Оглядываясь, мы выбежали на улицу, где двое полицейских стояли около нашей машины. Видимо, они слышали выстрелы. Раздались два раската звенящей стали, и оба упали на землю, забыв, что за секунду до этого держали в руках пистолеты и готовы были обезвредить нас. Стрелял он: метко, но не смертельно, только чтобы обезвредить. Она же выбила пистолеты на проезжую часть, где в ужасе разбегались люди, пытаясь спрятаться за углами, припаркованными автомобилями, в ближайших подъездах. Дурни, мы не собирались никого убивать, это лишь ваше благо, что вы стали свидетелями столь спонтанного и живого спектакля, в котором актёры лишь примерно знали сценарий, а реплики приходится придумывать в ходе самого действа. Разве не это подлинная грация жизни и воплощение наконец обретённых свободы и жизни! Мне снова хотелось смеяться, видя, насколько люди глупы и слепы, как много в них мёртвого, обыденного, монотонно-приторного и как мало подлинных страстных эмоций, особенно за пределами спален, постелей и вульгарно-пошлых порнографических фильмов. Им мерзость каждодневного существования намного ближе, чем даже самый дальний отголосок свободы! Что говорить, для них – это не более чем рамки и условности, установленные повседневными законами, не меняющимися уже несколько сотен лет.
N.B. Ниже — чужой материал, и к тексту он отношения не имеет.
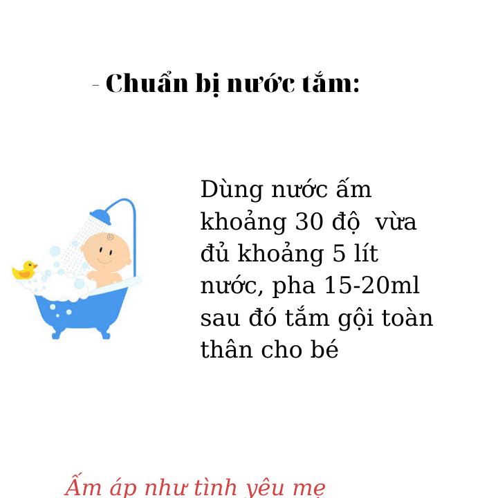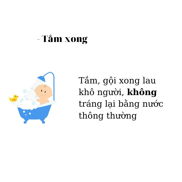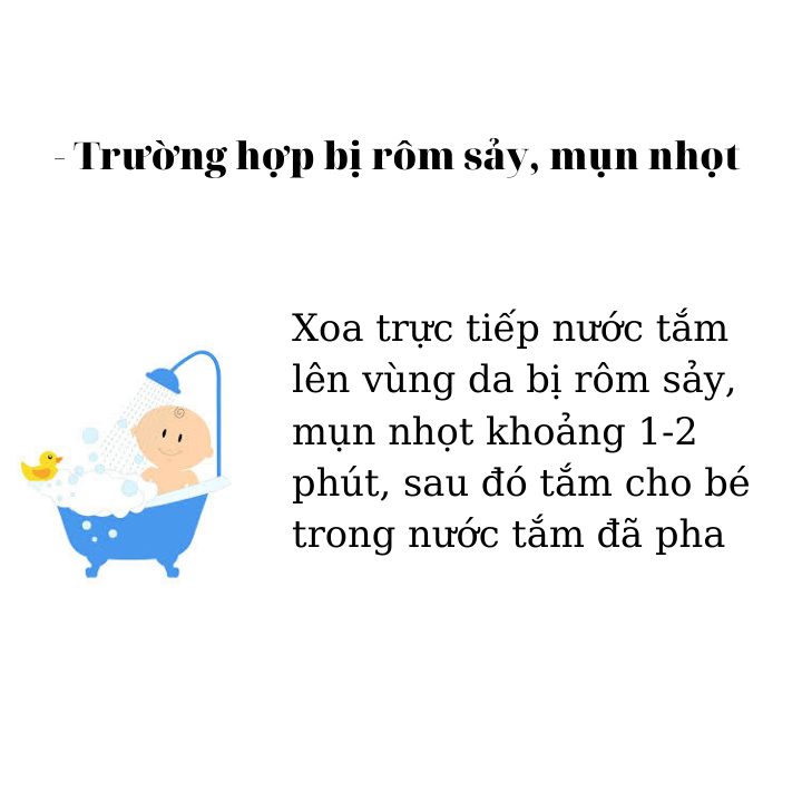 - Em bé sơ sinh, tắm hoặc ngâm mình với nước ấm, giúp các bé làm sạch và bảo vệ da, ngăn ngừa và giảm mụn nhọt, viêm da, làm mát da.

Ах, нет, свобода – это деньги, много денег! Она вырвала у меня пакет с купюрами, запустила туда руку и в следующий момент запустила вверх целое облако падающей листвы, облечённое в пепел. Смеялась и казалась безумной, но столько жизни и искреннего света я не видел ни в одном человеке, повстречавшемся на моём пути. Готов вечность наблюдать за её смехом и ярко-морскими глазами, но где-то вдалеке уже слышен вой сирены, поэтому, ещё раз подарив ей жаркий поцелуй, быстро уселся в машину (она тут же села рядом) и, немного задев припаркованный рядом автомобиль, помчался по улицам города, навстречу подлинной свободе!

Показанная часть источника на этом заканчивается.